Great video as always!
I found that i preferred to write my own solutions from the ground up with what I was trying to do, scrapy is still a great framework though. I have a video on my channel about it if you are interested in more details
Is this M+ 1M font you use in your ide? very nice and readable
Yes it is- although I think it’s m+ 2m. It’s great I’ve been using it for a while now
Hello, I a newby at scrapping. When I wrote @Dataclass it did not let me do it, it says it is not an integrer. I using python 3.12, httpx, selectolax and rich.
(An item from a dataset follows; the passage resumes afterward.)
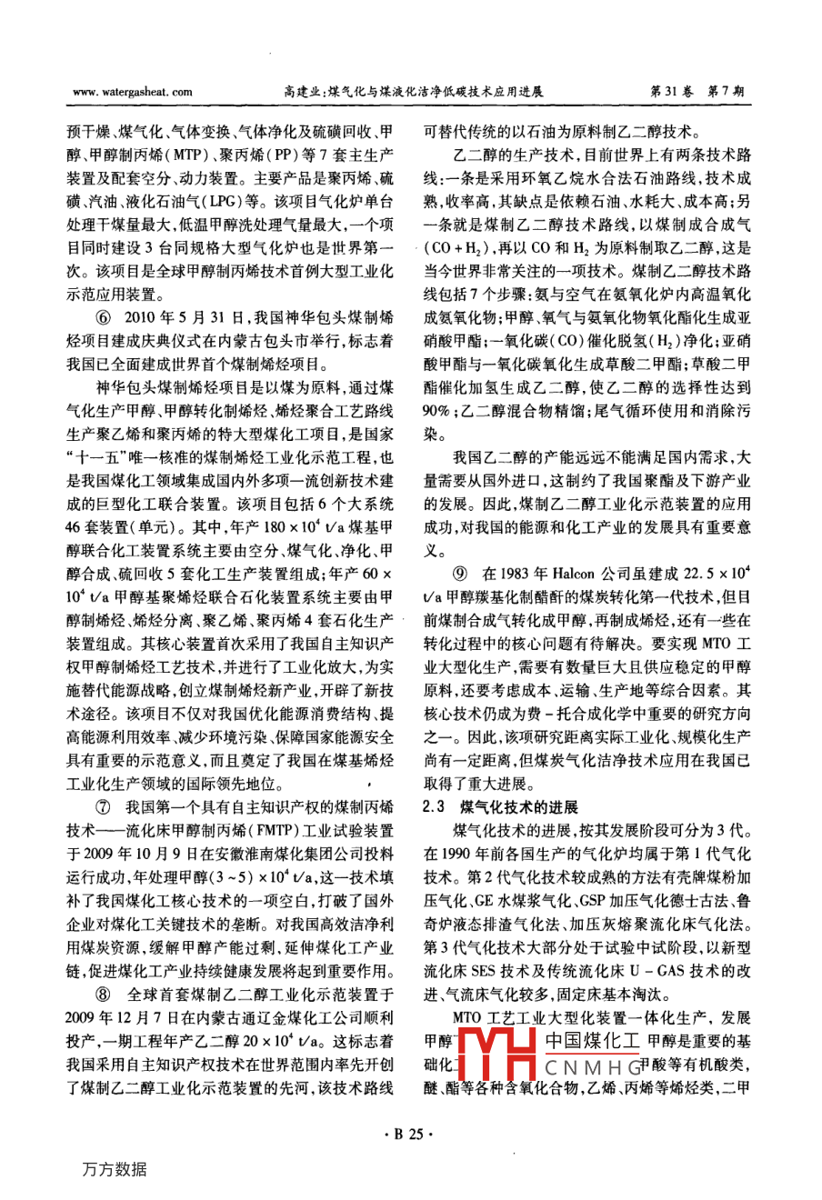 第31卷第7期煤氣與熱力Vol.31 No.7 .2011年7月CAS & HEATJul. 2011煤氣化與煤液化潔凈低碳技術(shù)應(yīng)用進(jìn)展高建業(yè)(沙鋼集團(tuán)沙桐化學(xué)有限公司,江蘇泰興225400)摘要:論述了煤氣化、煤液化、一碳化學(xué)等潔凈煤技術(shù)的開發(fā)與應(yīng)用的進(jìn)展,探討了發(fā)展方向。關(guān)鍵詞:煤液化; 煤氣化; - -碳化學(xué);煤炭轉(zhuǎn)化; 潔凈煤技術(shù)中圖分類號(hào): TU996文獻(xiàn)標(biāo)識(shí)碼: B文章編號(hào): 1000 - 4416(2011)07 -0B22 -06Application Progress in Low Carbon Technologies: CoalGasification and Coal LiquefactionGAO JianyeAbstract: The development and application of clean coal technologies, such as coal gasification,coal liquefaction and C chemistry are described. Their development directions are discussed.Key words: coal liquefaction; coal gasification; C chemisty; coal conversion; clean coaltechnology從20世紀(jì)70年代中期開始,世界石油能源緊產(chǎn)中起的作用很有限,只有少量的脂肪族化合物以張,供不應(yīng)求,價(jià)格飚升猛漲。30年間石油價(jià)格由石油化學(xué)原料生產(chǎn)。1925 年,美國(guó)生產(chǎn)的這些化合每桶10余美元漲至2008年的每桶140美元。從20物中,以石油為原料的部分只占0.1%。世紀(jì)80年代初,各國(guó)政府和專家就以新的觀點(diǎn)來評(píng)當(dāng)前,世界上礦物質(zhì)燃料儲(chǔ)量與消費(fèi)量之間比價(jià)煤作為化工原料和能源的重要性。煤炭對(duì)于“貧例失調(diào)。全球年均石油消費(fèi)量約286.16x10*桶/油、少氣、富煤”的中國(guó)而言,是主要的化石能源。年,大大超過了每年發(fā)現(xiàn)的儲(chǔ)量,開采速度與消費(fèi)量隨著社會(huì)經(jīng)濟(jì)持續(xù)高速發(fā)展,全球?qū)μ娲ぴ霞芭c每年發(fā)現(xiàn)的儲(chǔ)量之間不相適應(yīng),下世紀(jì)可能導(dǎo)和替代能源的需求越發(fā)迫切,節(jié)能減排是大勢(shì)所致石油和天然氣耗用殆盡。目前,西方國(guó)家正面臨趨1-5)。使用潔凈煤技術(shù)生產(chǎn)的煤化工產(chǎn)品不僅成著必須采用其他能源(煤能源或燃料乙醇等)來代本相對(duì)較低,而且對(duì)于中國(guó)減輕燃煤造成的環(huán)境污替正在廣泛應(yīng)用的石油能源的問題。染,降低中國(guó)對(duì)進(jìn)口石油的依賴有著重大意義。地球上煤的總儲(chǔ)量(按能量計(jì))大約超過石油潔凈煤技術(shù)是指煤炭從開發(fā)到利用全過程中,儲(chǔ)量的 20倍,在1985年時(shí)估計(jì)約有I1.5x10”t標(biāo)旨在減少污染排放與提高利用效率的加工、燃燒、轉(zhuǎn)準(zhǔn)燃料,按當(dāng)時(shí)開采水平,預(yù)計(jì)地球儲(chǔ)藏的煤可供開化及污染控制等高新技術(shù)的總稱。利用潔凈煤技術(shù)采450年,天然氣為50年,石油為45年。2009年初生產(chǎn)化工產(chǎn)品及工農(nóng)業(yè)用原材料,受到廣泛重視。英國(guó)石油公司( BP)發(fā)表的報(bào)告指出:2008年中國(guó)本文從煤氣化技術(shù)和煤液化技術(shù)進(jìn)行分析。的煤炭消費(fèi)占世界煤炭總消費(fèi)的43% ,是世界各國(guó)1從長(zhǎng)遠(yuǎn)來看煤是最可靠的化工原料燃料消“中國(guó)煤化工某炭消費(fèi)加快的速度估E指出,目前世界150年前,有機(jī)化學(xué)曾經(jīng)就是煤炭化學(xué)。第二已探明THCNM.H蒲,按2008年的次世界大戰(zhàn)前,石油化學(xué)原料在有機(jī)化學(xué)產(chǎn)品的生產(chǎn)量或年均石油消費(fèi)量計(jì)算夠用43年,天然氣夠用.B 22.www. watergasheat. corm高建業(yè):煤氣化與煤液化潔凈低碳技術(shù)應(yīng)用進(jìn)展第31卷第7期60年。但從宏觀看,石油開采技術(shù)不斷進(jìn)步,將會(huì)醇,再經(jīng)甲醇制烯烴的潔凈煤技術(shù)的工藝路線正引大幅提高油田產(chǎn)量,而勘探技術(shù)的進(jìn)步又會(huì)發(fā)現(xiàn)更起國(guó)內(nèi)外越來越多專家和企業(yè)家的興趣。多的石油儲(chǔ)量。2.2.1水煤漿 氣化技術(shù)應(yīng)用我國(guó)是天然氣需求增長(zhǎng)最快的國(guó)家,中國(guó)天然①九五期間 ,兗礦集團(tuán)與國(guó)內(nèi)高校、科研機(jī)構(gòu)氣2008年消費(fèi)增長(zhǎng)了15. 8%。資料顯示,我國(guó)探合作,開發(fā)完成了規(guī)模為22 Vd的多噴嘴水煤漿氣明的天然氣儲(chǔ)量不足世界總量的1%,預(yù)測(cè)2020年化爐中試裝置,并進(jìn)行了考核試驗(yàn)。結(jié)果表明:有效天然氣消費(fèi),缺口為(400-600) x10* m/a。目前氣體質(zhì)量分?jǐn)?shù)達(dá)83%,碳轉(zhuǎn)化率>98%,分別比相我國(guó)天然氣供應(yīng)也比較緊張。同條件下的德士古生產(chǎn)裝置高1.5% ~ 2.0%、煤的儲(chǔ)量可以滿足下一世紀(jì)對(duì)煤炭增加的需2.0% ~3. 0% ;煤耗、氧耗均比德士古法低7%。該要,潛力很大。資料顯示,我國(guó)已探明煤炭?jī)?chǔ)量達(dá)成果標(biāo)志中國(guó)自主開發(fā)的先進(jìn)氣化技術(shù)取得突破性10405 x10* t。2008年我國(guó)煤炭產(chǎn)量達(dá)28x10*t,進(jìn)展。煤炭在能源結(jié)構(gòu)中比例占70%以上。2009 年我國(guó)②南京化學(xué)工業(yè)園區(qū)某公司以EM +PC模式對(duì)進(jìn)口石油的依賴度達(dá)到51.3%。因此,從長(zhǎng)遠(yuǎn)來(EP為設(shè)計(jì)、采購(gòu)總承包,PC為采購(gòu)、施工總承包),看,煤是最可靠的能源基礎(chǔ)和化工原料。從煤中可采用GE水煤漿加壓氣化技術(shù)及Linde低溫甲醇洗以制取幾乎所有必要的有機(j

Ase you mentioned in the tutorial
hi john, what editor are you using in this video?
This is neovim with the oxocarbon theme
can you give example when select by class?
Class is separated by a dot “div.class”
What editor are you using?
Neovim
U are innocent programmer ❤
Hello, following your tutorial, I am getting a enrror on line 26
resp = client.get(url, headers=headers)
Traceback (most recent call last):
File "", line 1, in
resp = client.get(url, headers=headers)
NameError: name 'client' is not defined
Early morning web scraping lesgo
Hi John, I tried turning your header code into this for macOS
headers = {
"User-Agent": "Mozilla/5.0 (Macintosh; Intel Mac OS X 11_5_1) AppleWebKit/537.36 (KHTML, like Gecko) Chrome/99.0.9999.99 Safari/537.36"
}
I use Google Chrome for web scraping, use M1 Chip and use macOS Ventura 13.4, how can I make it compatible for my scraping
Hi - the user agent header is what we send with the request to the website - it can be anything, you can use the same one I do or any that you can find on google. It doesn’t need to match your system
@@JohnWatsonRooney Would it cause an error if I write the same code that is not configured to my system requirements
Hi, Bro how are you.?
What do you do when the elements you want have dynamically changing classes like class="xJdnxidXjejns xIdhdn39db xzIJhdidmn8"
go back up the element tree until you find one that is constant, then reference off of that. I use css selectors so something like "div.constantclass li a" for all the a tags within li tags in divs with class "constantclass"
@@JohnWatsonRooney would really love a tutorial on this... and if you made something similar to this dynamic Changing classes can you link me? I'm at my wits end btw superb content manh. its helping me learn python deeply too
I'm getting an error on page 20 and it's consistent, but the products seem to vary each time the page appears, so they must be getting unordered data from their SQL statement.
File "C:\Users
icha\AppData\Local\Programs\Python\Python310\lib\ssl.py", line 1132, in read
return self._sslobj.read(len)
TimeoutError: The read operation timed out
It looks like the last line from your code to be executed was this:
File "C:\Users
icha\PycharmProjects\webScraping\JohnWatsonRooney\ModernScrapingBestTools.py", line 28, in get_page
resp = client.get(url, headers=headers)
File "C:\Users
icha\PycharmProjects\webScraping\venv\lib\site-packages\httpx\_transports\default.py", line 77, in map_httpcore_exceptions
raise mapped_exc(message) from exc
httpx.ReadTimeout: The read operation timed out
It happens consistently on www.rei.com/c/backpacks?page=20 but the number of products printed seems to vary before the error occurs.
Do you have any debugging suggestions?